After Sesame Street and the pledge break I switched over to NBC. The network didn't come in perfectly, but after adjusting the antenna I could just make out what it was I was seeing.

The presidential debates were on. Walter Mondale and Ronald Reagan were going to have it out on taxes, defense spending, and the death penalty. I watched the fuzz build up on the screen, the reception wavering, and waited for the candidates to be announced.

The front door creaked open and I could hear the sound of Cindy's keys jangling as she put them down on the front table.

"Hello?" she asked as she stood in the front hall. "Who's there?"
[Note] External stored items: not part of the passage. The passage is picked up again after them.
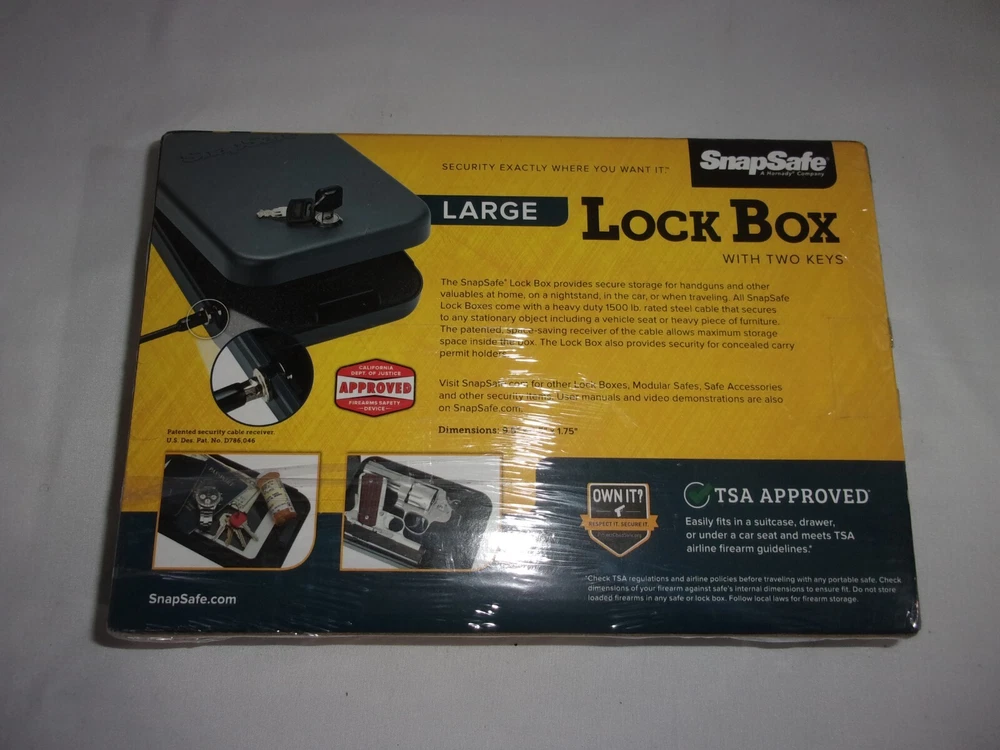 SnapSafe, Large Lock Box, NEW, Model: 75205, TSA Safe Firearm Storage New Sealed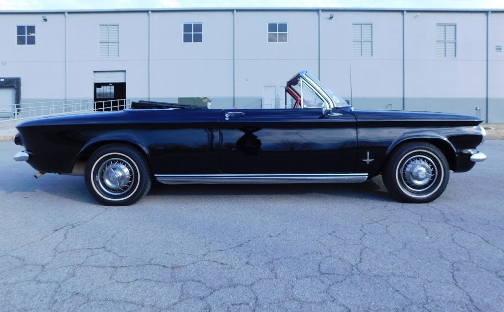 Step into a time capsule with this striking 1964 Chevrolet Corvair Monza Convertible. This classic beauty boasts a sleek black exterior that pairs with its sophisticated black leather interior, creating a timeless aesthetic that is sure to turn heads wherever you go.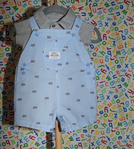 Just One You By Carters Overall 2 Pc Set Baby Boy 3m Blue Striped Elephants Ebay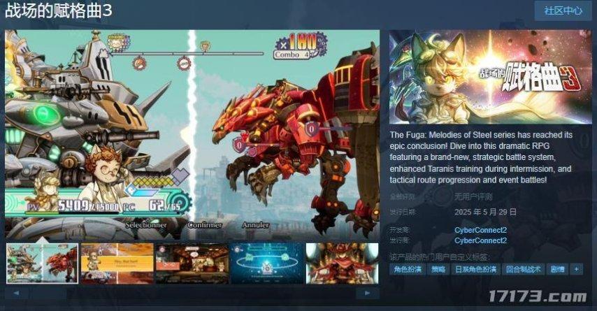 《戰場的賦格曲》系列續作《戰場的賦格曲3》Steam頁面上線,預計於2025年5月29日發售,暫不支持中文。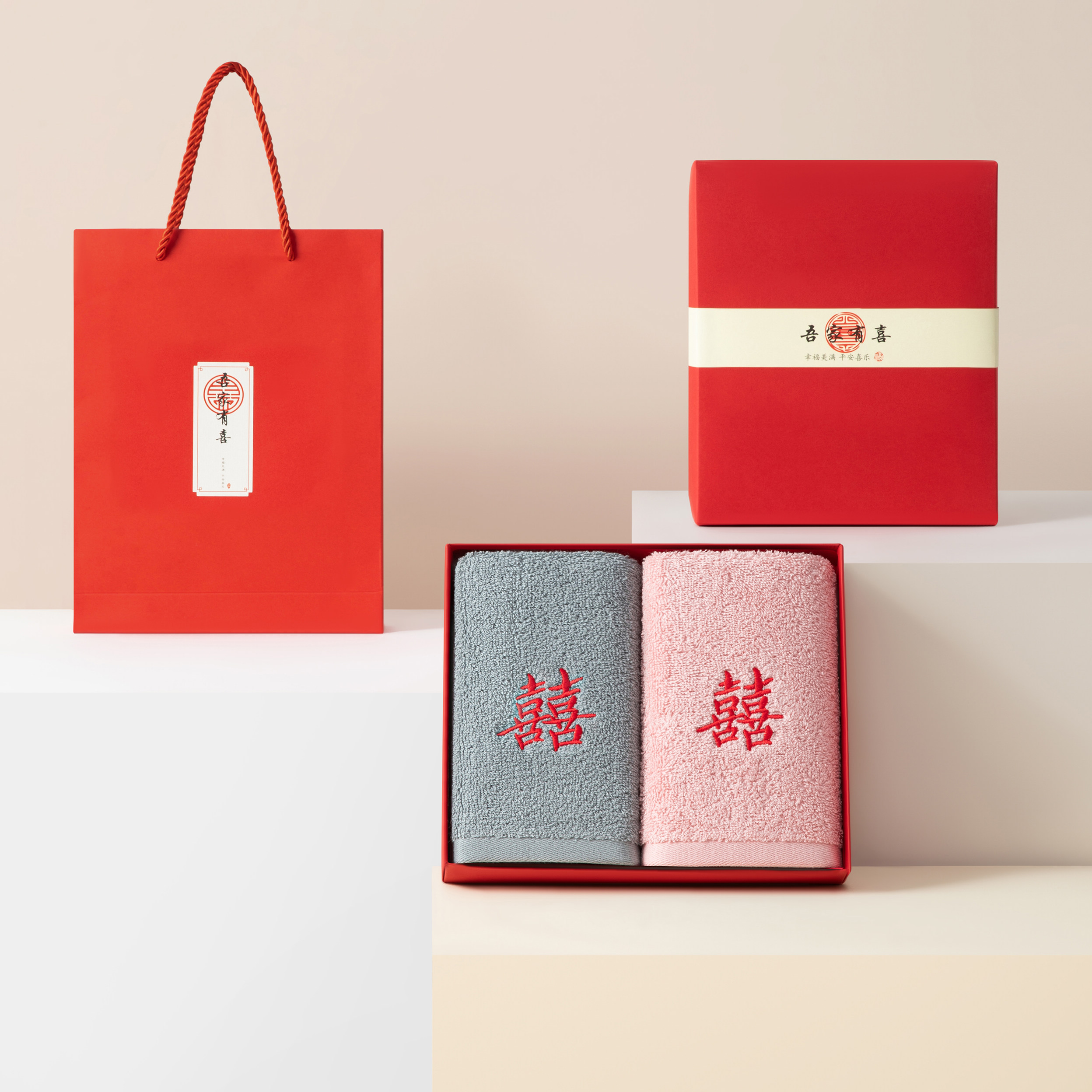 纯棉A类级别喜字陪嫁毛巾1对结婚浴巾套装礼盒喜事回礼西梦家纺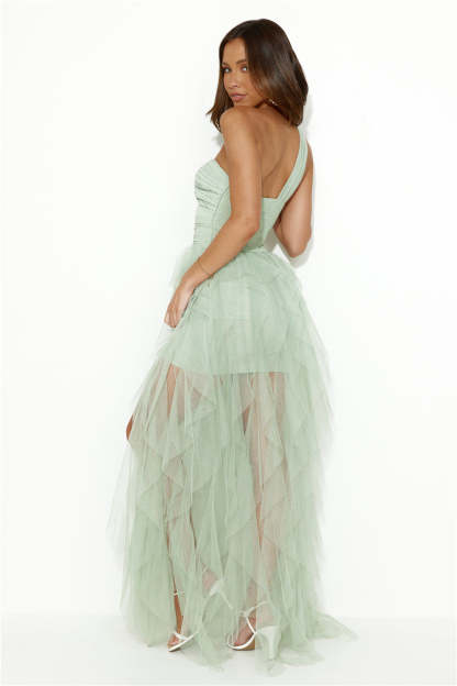 Extravagance Is Me One Shoulder Tulle Maxi Dress Sage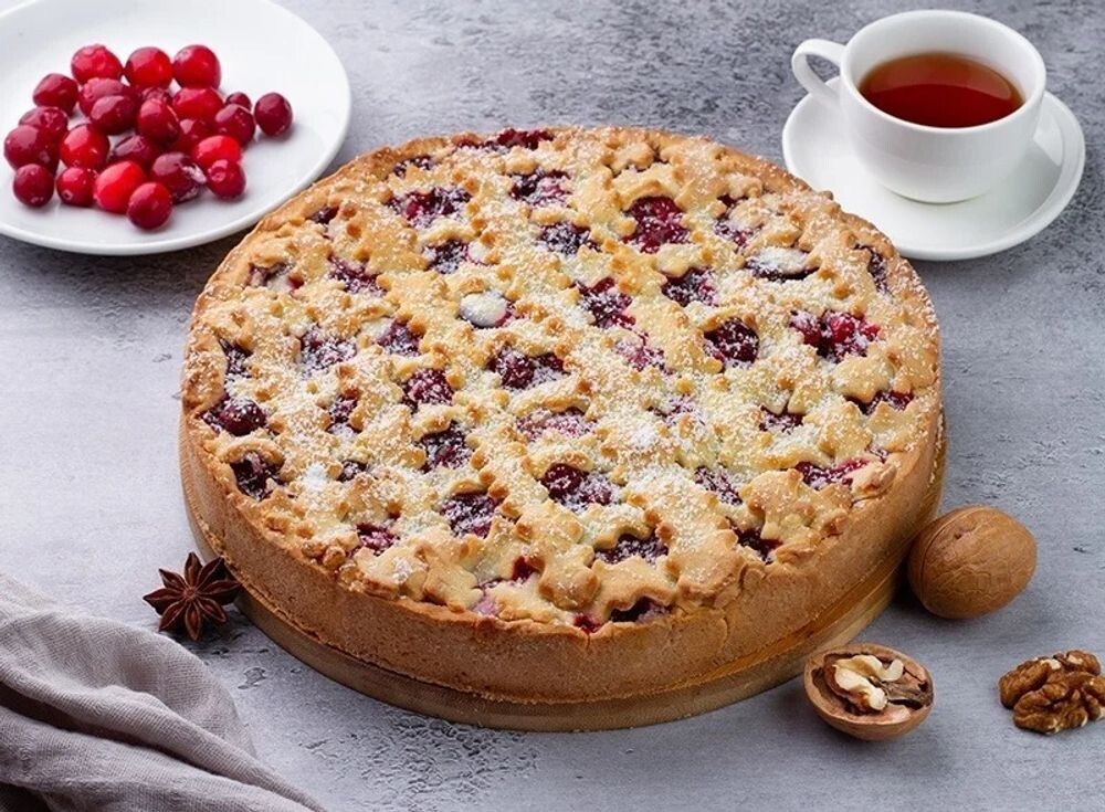 Ароматное тесто, приготовленное с добавлением корицы и мускатного ореха, сочетается с насыщенной начинкой из клюквы и грецких орехов. Клюква придает пирогу кислинку и витамины, а орехи - хруст и белок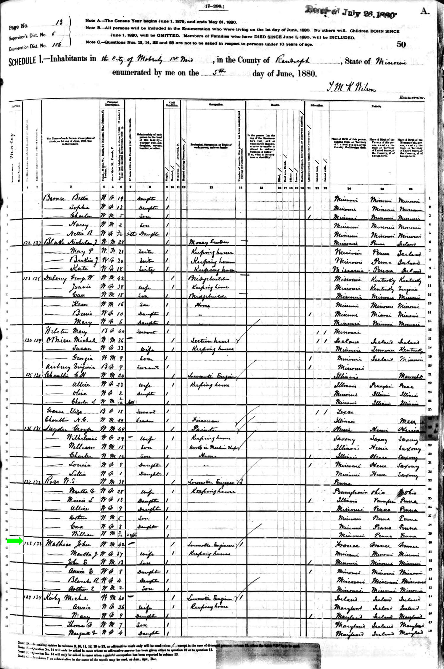 June 1880 in Moberly, Missouri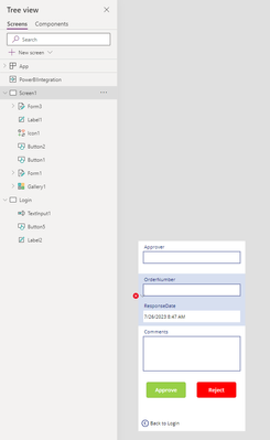 I am trying to create almost a login screen where the manager enters their name once. The text they input into this screen then transfers into the "Approver" section of the Edit Form on the next screen (Screenshots below). I have not found a way to successfully do this. I was not sure if I should use a text input that saves as a variable then setting the edit form on the details page equal to that variable? Any help is appreciated, thank you!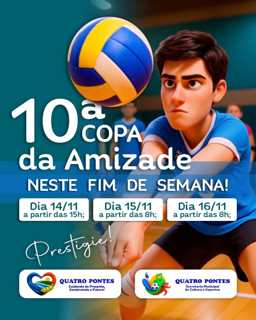 A Secretaria Municipal de Cultura e Esportes de Quatro Pontes informa que o município sediará, entre os dias 14 e 16 de novembro, a 10ª Copa Amizade de Voleibol, na categoria Sub-17, nas modalidades masculina e feminina. A etapa integra o calendário regional da competição e reunirá equipes de sete municípios.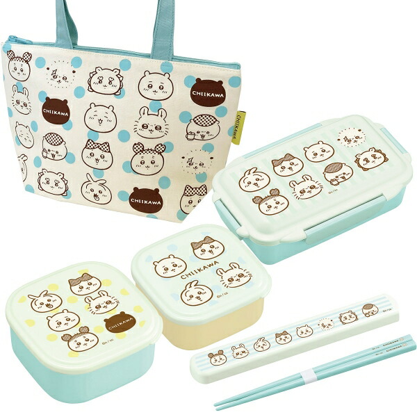 ちいかわ ストライプ お買得4点セット 4点ロックお弁当箱 500ml 箸&箸箱 19.5cm シール容器2P ランチバッグ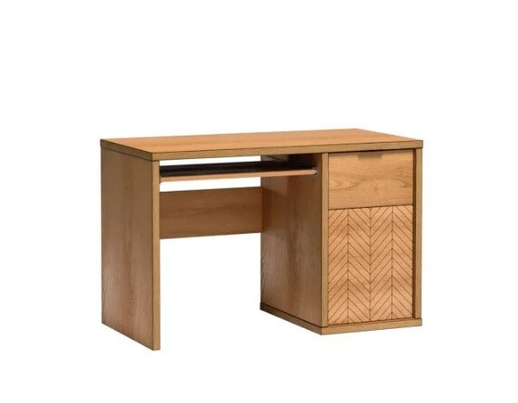 Gyönyörű íróasztal a FONTI kollekcióból karamell tölgy színben. Nagyszerűen illik fiatalok szobájába vagy irodába. A bútordarabban található egy kihúzható polc a számítógép billentyűzetéhez, valamint egy szekrény a jobb oldalon, amely egy polccal két különálló részre osztja a teret.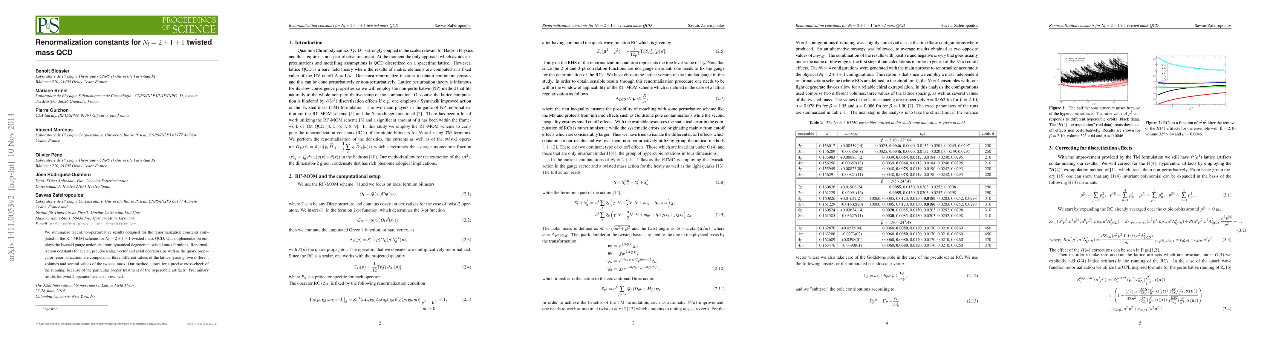 We summarize recent non-perturbative results obtained for the renormalization constants computed in the RI'-MOM scheme for $N_{\rm f}=2+1+1$ twisted mass QCD. Our implementation employs the Iwasaki gauge action and four dynamical degenerate twisted mass fermions. Renormalization constants for scalar, pseudo-scalar, vector and axial operators, as well as the quark propagator renormalization, are computed at three different values of the lattice spacing, two different volumes and several values of the twisted mass. Our method allows for a precise cross-check of the running, because of the particular proper treatment of the hypercubic artifacts. Preliminary results for twist-2 operators are also presented.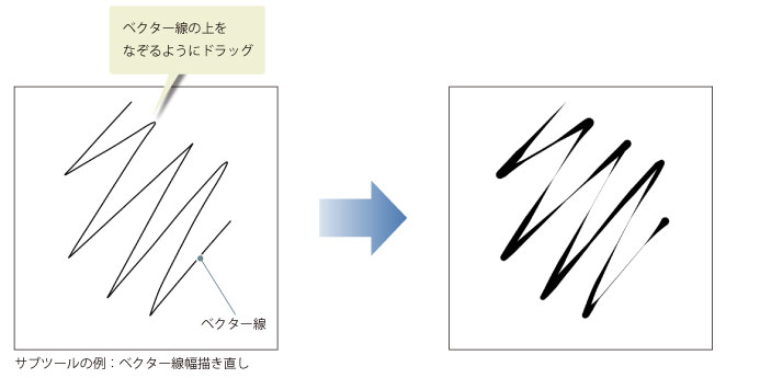 サブツールの例:ベクター線幅描き直し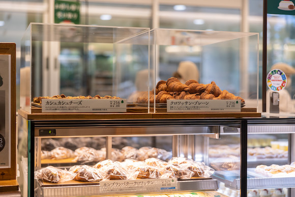 ロマンの森の特徴は、工房がガラス張りで製造風景が見渡せること。その工房から作りたてがショーケースに並ぶ新名物のひとつが「モンブランバタークロワッサン」テイクアウト¥378(テイクアウトの価格、イートインも可)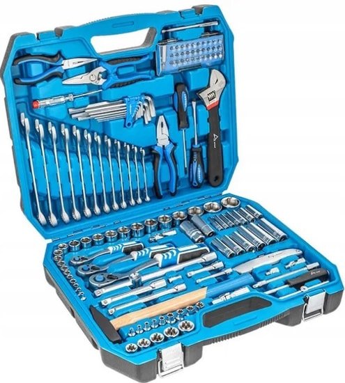 | Комплектация | шестигранные торцевые головки 1/4”: 4, 4.5, 5, 5.5, 6, 7, 8, 9, 10, 11, 12, 13, 14 ммдлинные шестигранные торцевые головки 1/4”: 6, 7, 8, 9, 10, 11, 12, 13 ммtорцевые головки Torx 1/4”: E4, E5, E6, E7, E8переходник 1/4”удлинитель 1/4": 75 ммгибкий удлинитель 1/4": 150 ммвороток Т-образный: 1/4", 115 мммОтвертка-вороток 1/4”Отвертка с держателем для бит 150 mmШарнир карданный 1/4”Плоские отвертки 1/4": SL3, SL4, SL4,5, SL5, SL5,5, SL6, SL7PH0, PH1, PH2, PH3, PH4PZ0, PZ1, PZ2, PZ3, PZ4H1,5, H2, H2,5, H3, H4, H5, H6Т10, Т15, Т20, Т25, Т27, Т30Трещотка 1/4", 72 зубаШестигранные насадки 3/8": 13, 14, 15, 16, 17, 18, 19 ммДлинные шестигранные головки 3/8": 13, 14, 15 ммНасадки Torx 3/8": E10, E11, E12, E14, E16, E18 Переходник: 3/8 F x 1/4 MУдлинитель 3/8": 150 ммШарнир карданный 3/8"Трещотка 3/8", 72 зубаШестигранные торцевые головки 1/2”: 20, 21, 22, 24, 27, 30, 32 ммДлинные шестигранные торцевые головки 1/2": 15, 17, 19 ммТорцевые головки Torx 1/2": E20, E22, E24Торцевые головки для свечей зажигания 1/2": 16, 21 ммУдлинитель 1/2": 127, 254 ммПереходник для бит 1/2"Шарнир карданный 1/2"Трещотка 1/2", 72 зубаПассатижи: 180 ммПассатижи: 160 ммМолоток слесарный: 300 гКлючи слесарные: 8, 9, 10, 11, 12, 13, 14, 15, 16, 17, 18, 19 ммШестигранные ключи: 1,5, 2, 2,5, 3, 4, 5, 6, 8, 10 ммРазводной ключ: 250 ммТестер напряжения: 110-250 ВОтвертка: PH2 x 100 мм, SL6 x 100 ммРезак: 175 ммНож с трапециевидным лезвием: 18 ммТелескопический магнит |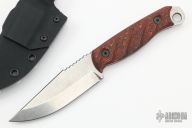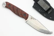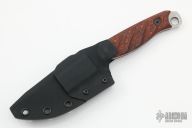 This Crow Jr by Half Face Blades features a tumble finish blade with a notched thumbrest, .141" blade stock, 1.299" blade depth, full tang construction.  The handle has Mars Fat Carbon scales.  Comes with a kydex sheath with clip. NewCondition.
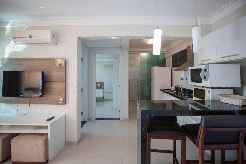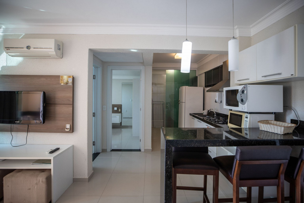 Apartamento aconchegante localizado em um luxuoso condomínio com estrutura completa. Localizado a 350 metros da praia.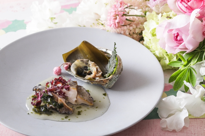 鮑の上に、桜の葉・青森県産昆布をのせ、桜香る岩塩で包み柔らかく蒸しあげます。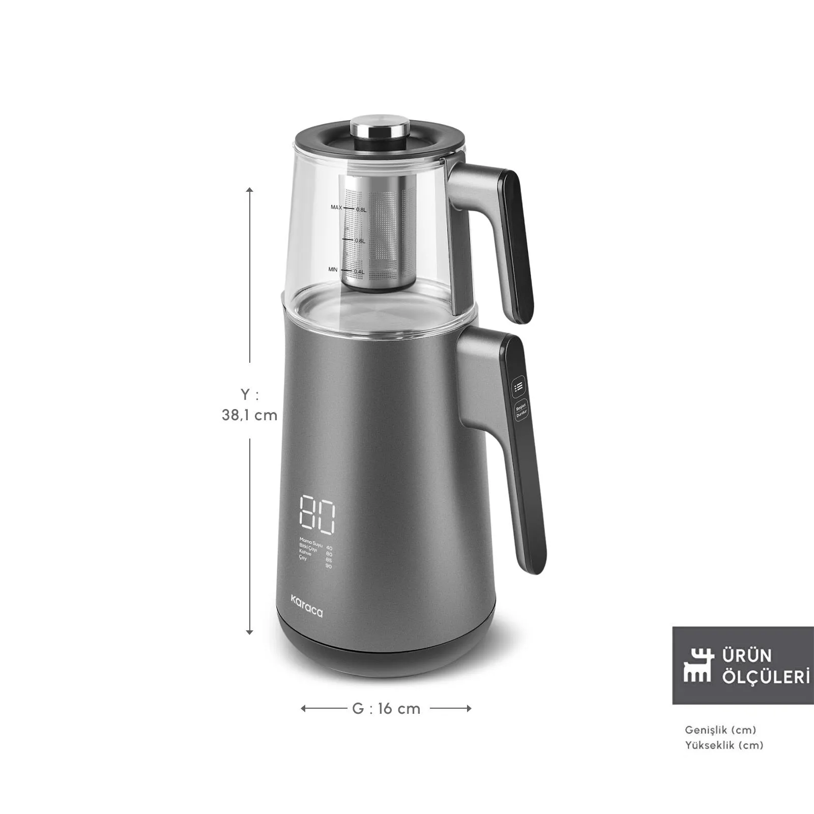 Su ısıtıcısın gövdesi üzerinde bulunan led ekranı ve kulpta bulunan tuşları sayesinde çay makinenizi kontrol edebilir, anlık su derecesini görüntüleyebilirsiniz.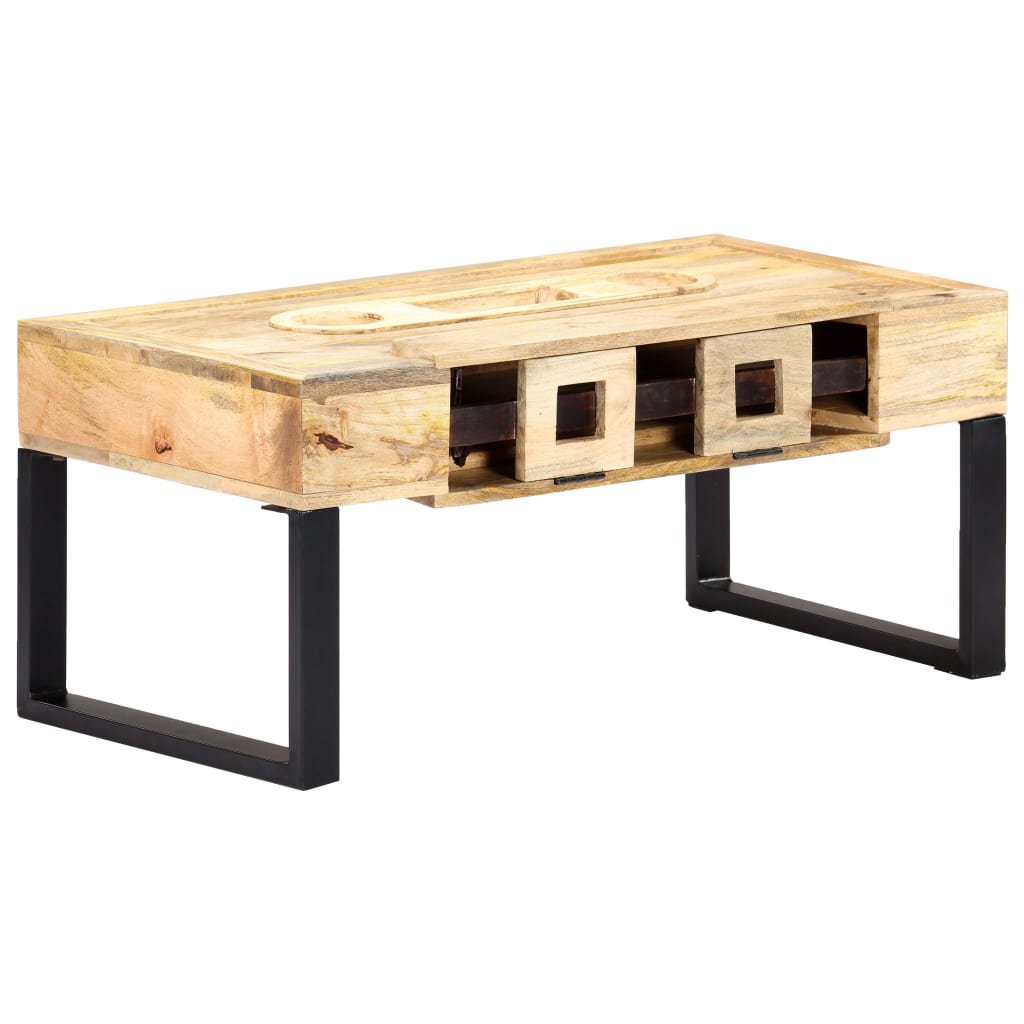 Cette table basse en bois de manguier massif, d’un style cassette spectaculaire, ajoutera une touche décorative et pratique à votre décoration. La table est fabriquée à la main en bois de manguier, ce qui la rend très stable et durable. Le bois de manguier est un bois dur dense et robuste qui présente des belles stries et des contours bruns ou dorés à la surface. Chaque étape du processus est réalisée avec le plus grand soin, que ce soit le polissage, la peinture ou le laquage. Le savoir-faire et les beaux grains de bois font de chaque meuble un article unique et légèrement différent l’un de l’autre. Le dessus de table robuste sera idéal pour placer des aliments, des boissons, des lampes ou tout autre objet de décoration. Elle comprend un compartiment pour vous fournir un espace de stockage supplémentaire pour garder à portée de main des petits articles tels que des clés, des bloc-notes, des stylos, des télécommandes et d’autres bibelots. Ses pieds en acier ajoutent à sa robustesse et à son style industriel époustouflant. Remarque importante : les couleurs et les grains peuvent varier d’une pièce à l’autre, rendant chacune de nos tables basses unique. La livraison est aléatoire, ce qui garantit l’exclusivité et l’individualité de votre produit.

"I'm watching television," I said.

Cindy didn't take off her raincoat but stepped into the front room, dripping onto the hard wood floor. She unzipped her coat, and I could see that she was dressed in her usual khaki skirt and green turtle neck, but she looked odd. She looked false, too young for her outfit.

"What are you doing here?" she asked.

"I told you. I'm watching tv."

Ronald Reagan ambled up to his podium, smiled at the audience, and flipped through his notes. Walter Mondale's podium remained vacant.

"Well, I'm glad you asked that," Reagan said. Nobody had asked a question yet, and Mondale's podium was still empty.

"There you go again..."

"Mr. President," one of the journalists on the panel interrupted. "Mr. President."

"I refuse to make age an issue in this campaign," Ronald Reagan said. "I don't want to take unfair advantage of my opponents youth and inexperience."

"Mr. President, the opponent has not...Mr. Mondale has not arrived."

"Well, I..."

Cindy stood in front of the television screen, waving her hands in front of my face and unzipping her raincoat, she was insistent. "What do you want?"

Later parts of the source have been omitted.